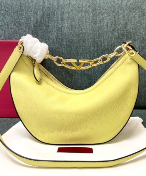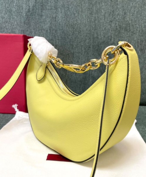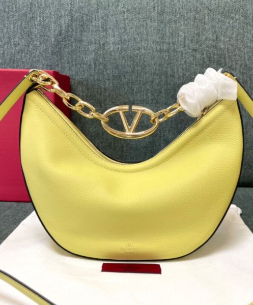 Be the first to review “Valentino Small Vlogo Moon Hobo Bag In Grainy Calfskin With Chain Yellow”
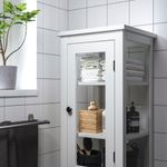 В этом шкафу со стеклянной дверцей можно выставить любимые флаконы и корзины, а внизу он оснащен полкой для мягких полотенец. Высокие и изящные размеры позволяют экономнее использовать ценное пространство в небольших ванных комнатах.
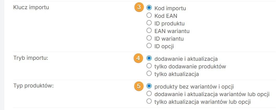 kroku 3 wybierz klucz importu jako kod importu lub kod EAN, który posłuży do parowania produktów znajdujących się w pliku importu z produktami w bazie sklepu. Według tego klucza będą też aktualizowane produkty w sklepie.
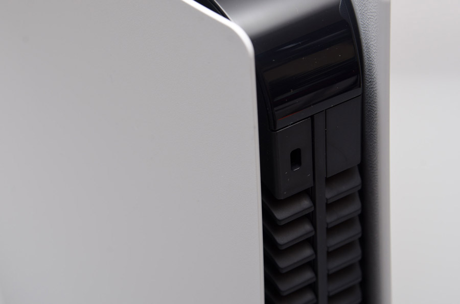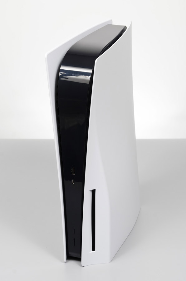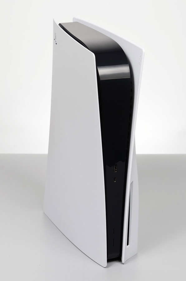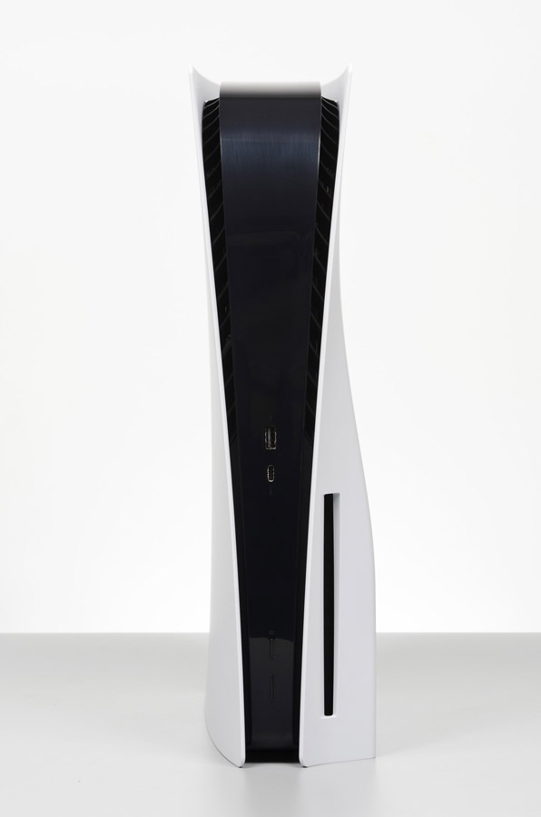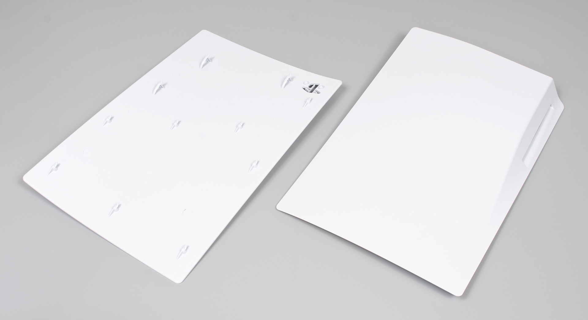 В новой модели пластиковые изогнутые матово-белые (скорее даже с сероватым оттенком) боковые панели разделяются глянцевой черной вставкой с решетками по краям для захвата холодного воздуха, расширяющиеся к верху и с большим радиусом изгиба в этой части. Свежо и ново, но кому-то может не понравиться такой вид, так как PlayStation 5 будет сильно выделяться на фоне остальной техники.

**WHAT THE TASK ASKS:**
Repeat only the lines from the one with "kroku 3 wybierz klucz" through the end of the data, both included and exactly as written. Pictures stay out of the copy.

**EXERCISE SOLUTION:**
 kroku 3 wybierz klucz importu jako kod importu lub kod EAN, który posłuży do parowania produktów znajdujących się w pliku importu z produktami w bazie sklepu. Według tego klucza będą też aktualizowane produkty w sklepie.
 В новой модели пластиковые изогнутые матово-белые (скорее даже с сероватым оттенком) боковые панели разделяются глянцевой черной вставкой с решетками по краям для захвата холодного воздуха, расширяющиеся к верху и с большим радиусом изгиба в этой части. Свежо и ново, но кому-то может не понравиться такой вид, так как PlayStation 5 будет сильно выделяться на фоне остальной техники.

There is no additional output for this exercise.